She said the Money Advice and Budgeting Service, the Central Bank, the Commission for Energy Regulation, the Communications Regulator, the Irish Banking Federation and the Irish Insurance Federation would meet to discuss the implications of its closure and to explore ways in which relief could be made available to people who lost money as a result.

“People paid money to Home Payments for their utility bills and mortgages. and I don’t want to see them having to pay on the double,” she said.

“There needs to be regulation of money management and money advice companies. Home Payments was a good company and one which was in business for 40 years and provided a really good service but there was no regulation and no protection for people who used it,” Ms Fitzgerald said.

She said the absence of regulation meant there was no prospect of investor compensation or deposit protection and pointed out that the financial ombudsman was also powerless to intervene.

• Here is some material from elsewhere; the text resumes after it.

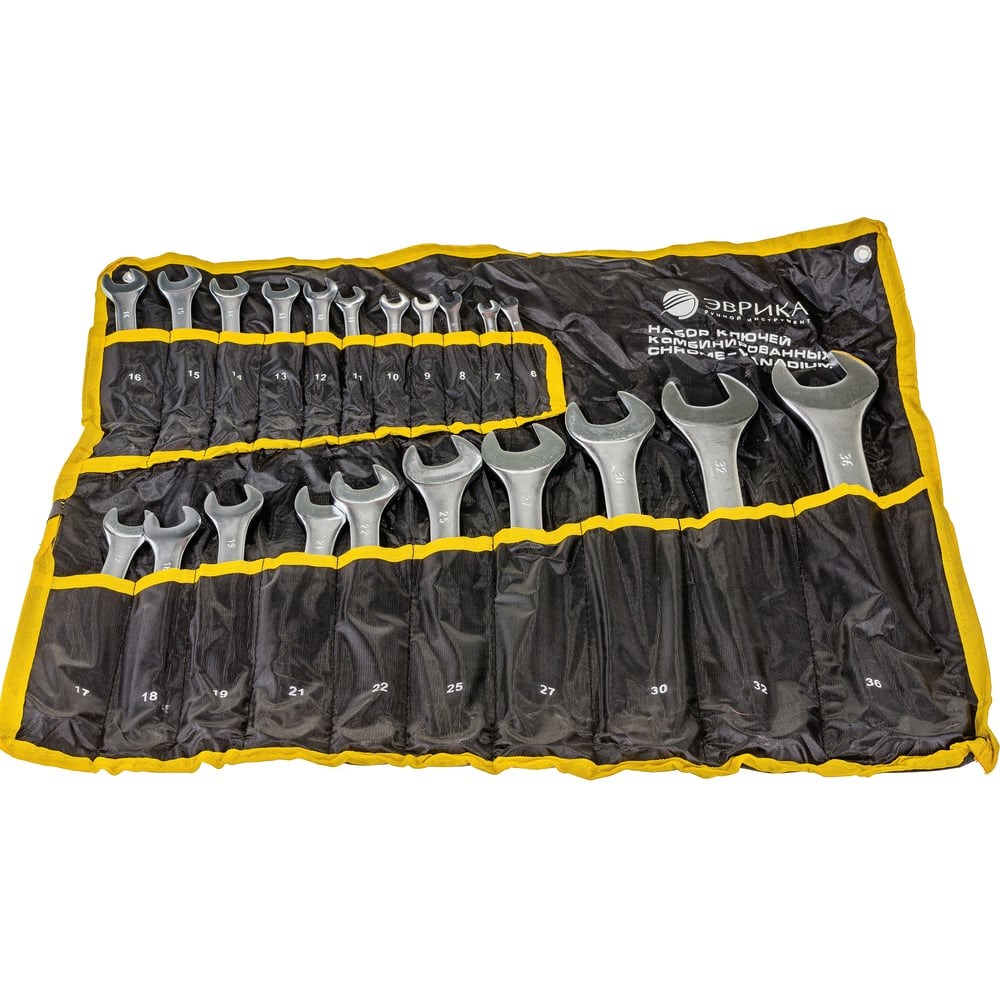 Набор комбинированных ключей 6-36мм Chrome vanadium сатинированных планшет ЭВРИКА ER-10210 позволяет монтировать и демонтировать шестигранный крепеж различной сложности. Прочная сталь и защитное покрытие продлевают срок службы каждого инструмента.

Successive governments had focused on dealing with larger financial crisis, managing the bail out and trying to rescue the banking system and ignored the problem of a deregulated sector handling tens of millions of euro of consumers money, she said.

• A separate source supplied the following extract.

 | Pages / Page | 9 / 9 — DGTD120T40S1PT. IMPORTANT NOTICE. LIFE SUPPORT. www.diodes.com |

“Debt-management companies have only sprung up in Ireland in the last couple of years since the financial crisis took hold, many of them came in from the UK and have been making promises which they can not deliver on,” she said.

“Many of the people they are targeting are very vulnerable and on their uppers and are being lured by false promises and are paying money they don’t have to unregulated companies for services they don’t need.

We have been pressing for legislation for a very long time now and we will continue to press for it. I don’t think it should have to take that long for legislation to be passed.”

She said it was not acceptable to delay until 2012 or later. “We should not have to wait until next year for this. We have to get it done in the autumn. It is not complex and much of the framework is already in place at the Central Bank.”

In June, Minister for Finance Michael Noonan said he was examining the question of regulating all firms offering debt-management and debt-advice services.

The Department of Finance said yesterday that it was “moving as fast it can” to introduce legislation governing debt-management companies.

A spokesman said, however, that it was an extremely complex area and would take some time. “There are many Government priorities and this is one of them and we are trying to get it done as quickly as possible.”